(Beginning of Input data)
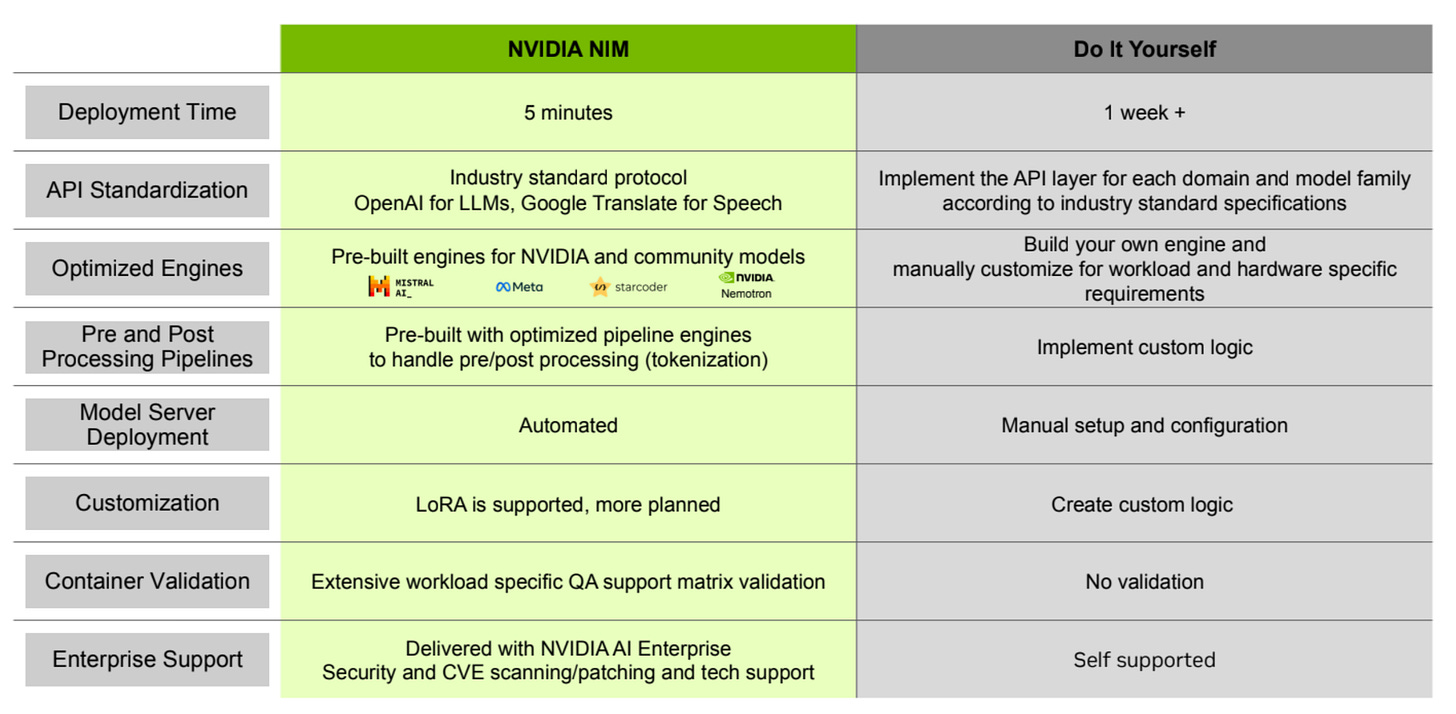 In this section, let’s iterate on a few expert insights I’ve got from talking with some of the people working on NIMs at NVIDIA.
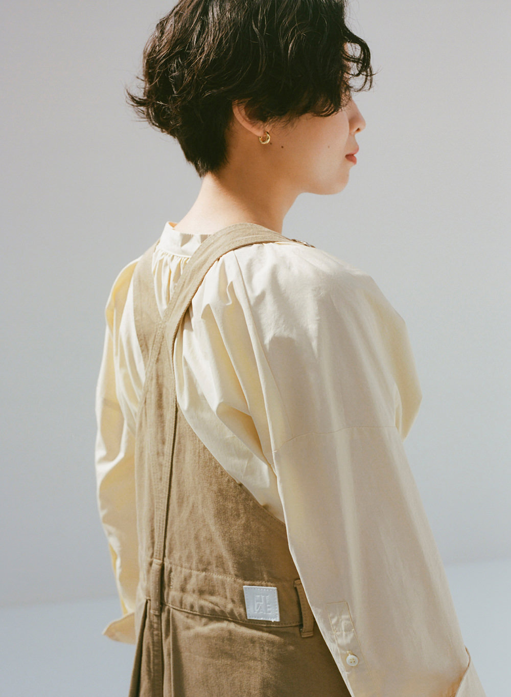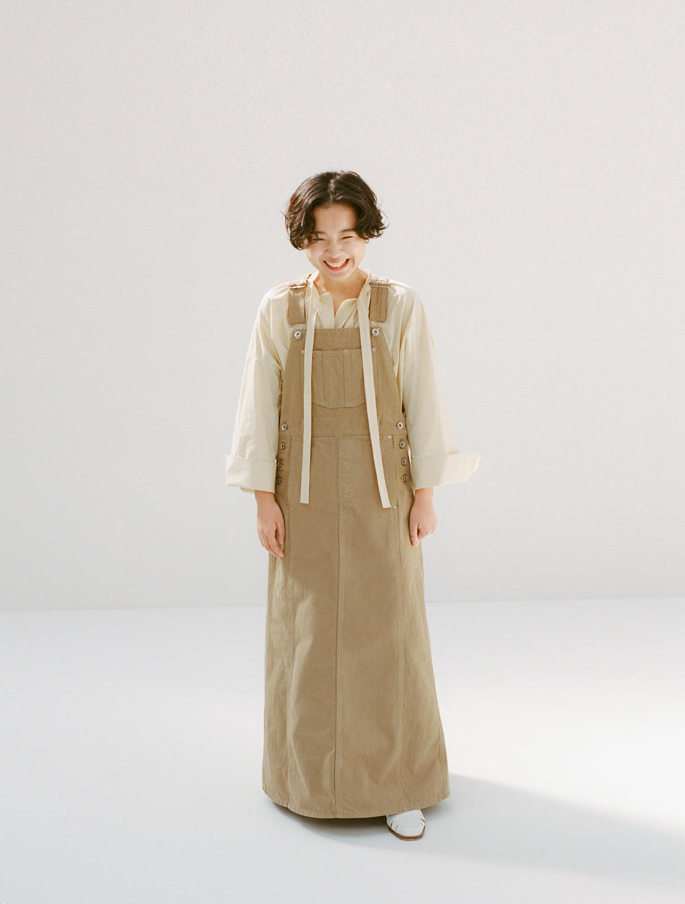 ヴィンテージの良さを活かしながら現代風にアレンジされたオーバオールスカート。フルレングスの丈とシルバーのパーツがモードでクリーンな印象に。合わせるトップスで何パターンも表情を変える一着。
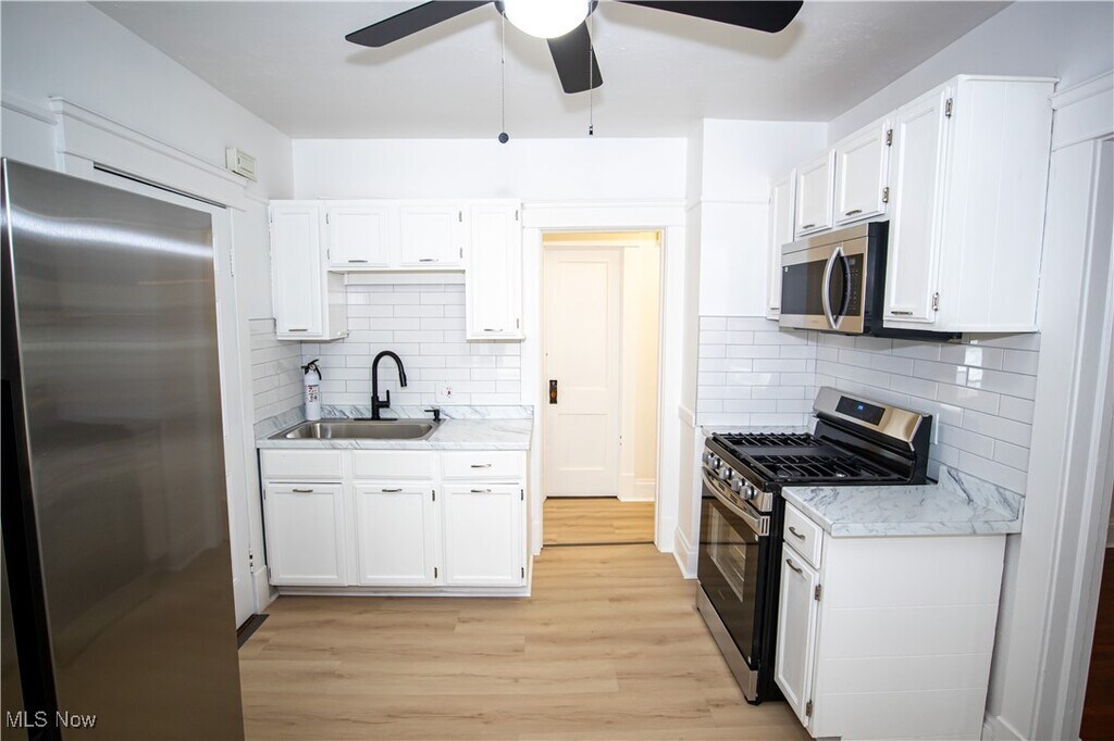Welcome to your new home in this well-maintained duplex! This spacious unit offers 3 bedrooms and 1 full bath,fully remodeled with new kitchen,bathroom and new appliances in the upper unit. Making it perfect for families,roommates,or anyone needing extra space. You'll love the bright and inviting living areas filled with natural light,along with an updated kitchen featuring modern appliances and ample cabinet space. The two comfortable bedrooms are conveniently located on the same floor,while the bonus third bedroom sits on the private third floor a cozy attic-style retreat with charming,sloped ceilings,ideal for a home office,guest room,play area,or peaceful escape. Enjoy added conveniences modern appliances,off-street parking,and a quiet neighborhood close to local amenities,parks,and shops.
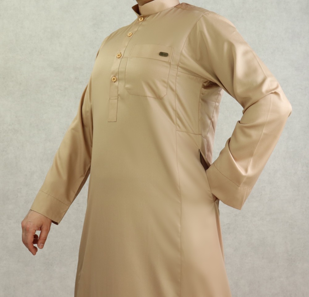 Qamis homme classique de qualite superieure avec tissu legerement satine couleur beige
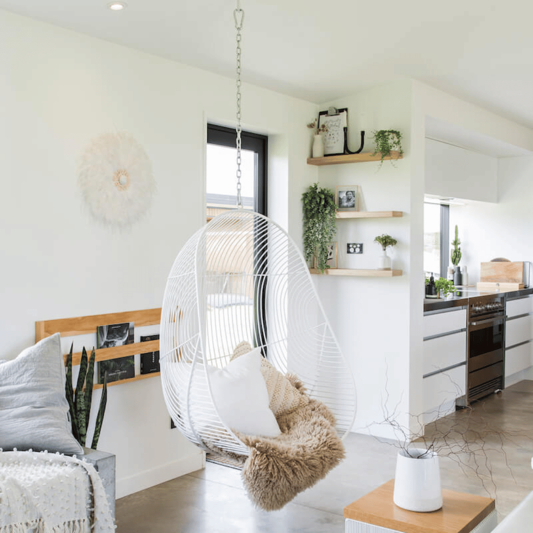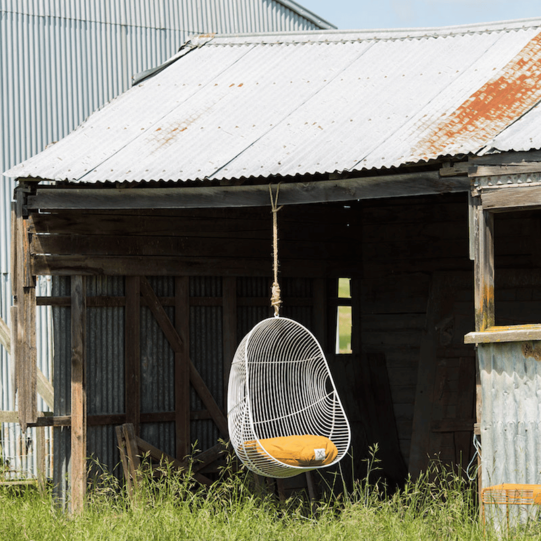 The Hokianga hanging patio is the definition of ultimate relaxation. Available in a fresh white, the Hokianga will become a welcome feature within your home and outdoor space. The ergonomic design of the chair supports your body, providing comfort and support. Before the powder coating process, a spray is applied to each Hokianga with a special PVDF base coat, ensuring durability and rust resistance. Because of this, they can be used in both indoor and outdoor areas. The stainless steel composition makes it ideal for high humidity and coastal use. For ultimate comfort, pair with the Hokianga Big Puffy cushion.
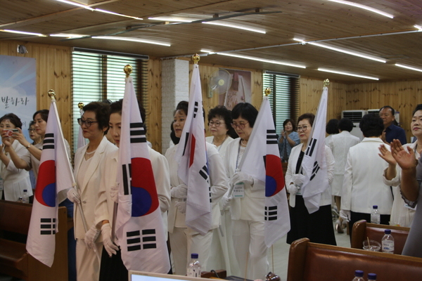 태극기를 든 기수대의 입장으로 시작된 이날 행사는 부총재 김정숙 목사의 광복절 기념사와 부총재 신숙자 목사의 축시에 이어 대표회장 우정은 목사가 기도회 취지문을 낭독했다.
(End of Input data)
» **What to produce**: Look above for the line with "Welcome to your" and the line with "Qamis homme classique", then copy them and all lines in between exactly as written, and only those, without any pictures.

» **Output**:
Welcome to your new home in this well-maintained duplex! This spacious unit offers 3 bedrooms and 1 full bath,fully remodeled with new kitchen,bathroom and new appliances in the upper unit. Making it perfect for families,roommates,or anyone needing extra space. You'll love the bright and inviting living areas filled with natural light,along with an updated kitchen featuring modern appliances and ample cabinet space. The two comfortable bedrooms are conveniently located on the same floor,while the bonus third bedroom sits on the private third floor a cozy attic-style retreat with charming,sloped ceilings,ideal for a home office,guest room,play area,or peaceful escape. Enjoy added conveniences modern appliances,off-street parking,and a quiet neighborhood close to local amenities,parks,and shops.
 Qamis homme classique de qualite superieure avec tissu legerement satine couleur beige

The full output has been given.